Personal Story

Yes, Gender Disappointment Is Real: One Mom Shares Her Thoughts

written by ANONYMOUS
Source: Shutterstock
Source: Shutterstock

I always pictured myself as a mom to all boys. I grew up in a house with three brothers and just happened to babysit mostly boys. I was used to rough-housing, poop jokes, and can still have a full conversation in movie quotes. My husband, on the other hand, grew up with three sisters—even his family cat was a girl. His formative years included dance recitals, dress-up, and surviving a household of four synchronized cycles.

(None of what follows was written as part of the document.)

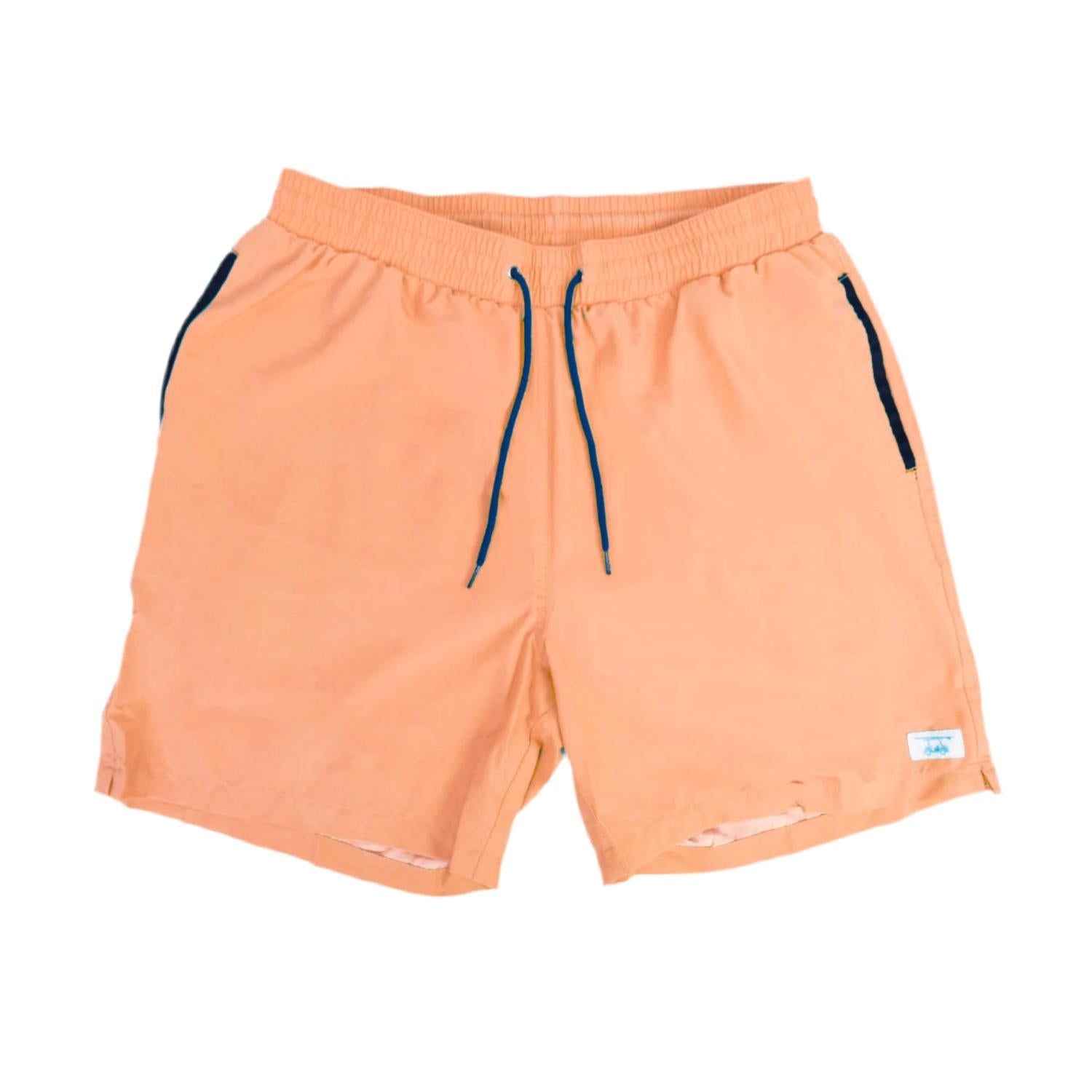 Introducing the Bald Head Blues Men's Swim Shorts Trunks in a refreshing peach hue, tailored for style and performance. These patterned board shorts are made from a durable polyester spandex blend, featuring a quick-dry material with a performance biker short underneath for added comfort. With a practical 6.5-inch inseam, a drawstring closure for a personalized fit, and a zippered back pocket for secure storage, they are perfect for any water adventure. Care instructions include line drying for best results.

With my first pregnancy, we decided not to find out our baby’s sex. This was surprising to nearly everyone we knew, including the staff of doctors and nurses surrounding me as I had an unexpected C-section at 35 weeks. After we heard our baby’s first cry, my husband had to yell over the curtain, “is it a boy or a girl?!” We barely had time to process “it’s a girl!” as we were launched headfirst into our new parenting adventure.

Finding Out Our Baby’s Gender and Not Feeling Happy

A few years later I was pregnant again and I thought I wanted to wait to find out whether we were having a boy or a girl. But two days before my 20-week ultrasound, I had this strong urge to find out the baby’s sex. So we asked the technician to put the photos in a sealed envelope, which we planned to open on an upcoming babymoon. It was so hard to wait, but after a mid-summer al fresco dinner, we strolled down to a lapping lakeshore, sat down in two Adirondack chairs, and opened the envelope. I looked at the sonogram photo—we were having another girl. I cried. I’m not proud of it. I immediately regretted that we’d opened that damn envelope.

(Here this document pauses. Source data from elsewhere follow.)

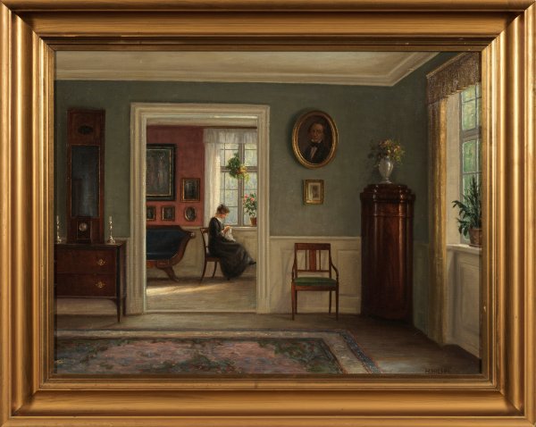 Hilsoe malte fast auschließlich Innenräume mit Biedermeier-Einrichtung, die er mit zarter Lichtregie in betont stiller, fast entrückter Atmosphäre höchst akribisch und detailgenau ausführte. In sich gekehrte, vom Betrachter abgewendete Einzelfiguren in häuslicher Beschäftigung bilden darin die einzige Staffage. Der Künstler fand die Motive für seine Raumbilder vornehmlich im Bakkehuset, einem historischen Haus bei Kopenhagen, das mit zahlreichen original erhaltenen Biedermeierräumen seit 1925 Museum ist. Seine unverwechselbaren Bilder sind bis heute sehr populär. Öl/Lwd.; R. u. sign.; 53 cm x 68 cm. Rahmen.
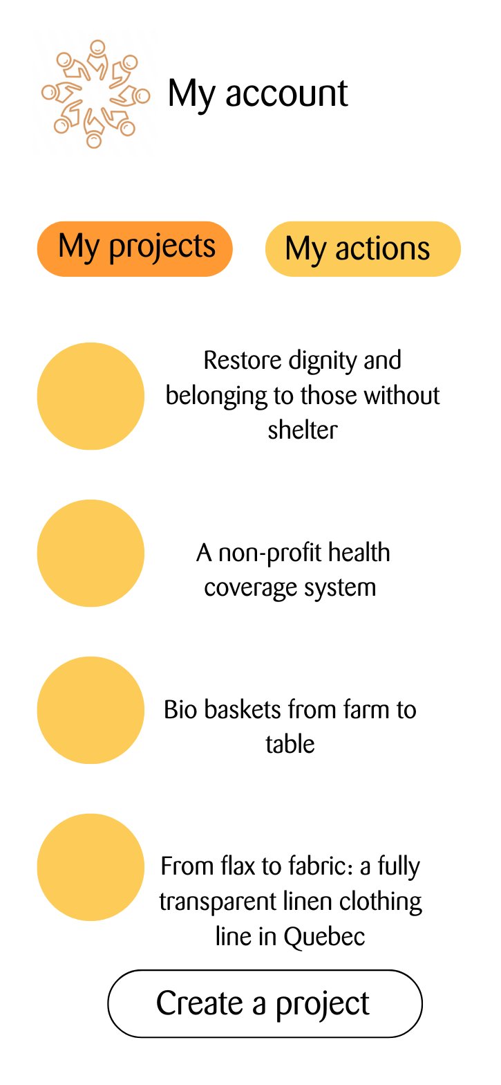 Browse existing projects and explore their actions — whether it’s offering a meal, sharing your time, or helping with logistics.
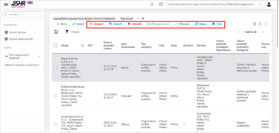 Pro přihlášeného uživatele s rolí PND.KHZS.Supervizor jsou ještě k dispozici tlačítka „Nová ND nad rámec" a „Aktualizace dat za dodavatele". Tato role může za dodavatele vyplňovat údaje k nezbytným dodávkám (viz další kapitola Poskytované zdroje), tj.

“We were having another girl. I cried. I’m not proud of it. I immediately regretted that we’d opened that damn envelope.”

Once I pulled myself together, we walked back to town and into a noisy bar called the Pink Pony (the pink irony was not lost on us). With a cocktail in my husband’s hand, and an alcohol-free Beck’s beer in mine, we sat down and started to talk about our new little girl. We named her sitting on those Pink Pony bar stools as a live band played oldies in the background. We started to imagine our family with her in it. But when we came home, neither of us could shake a weird feeling of mourning over the son we’d never meet.

Is ‘Gender Disappointment’ a Thing?

At work, I found myself secretly and shamefully Googling “gender disappointment.” What was my problem? I wondered. The baby is healthy, I have friends suffering through IVF and miscarriages—why can’t I just be grateful? As I found myself about 18 clicks deep, I came across a list of celebs with only daughters. George W. Bush and Barack Obama, Matt Damon and Ryan Gosling—not to mention my girl crushes, Kristen Bell and Drew Barrymore. I immediately texted my husband my findings and started to picture mom and daughter outings with my new celeb besties.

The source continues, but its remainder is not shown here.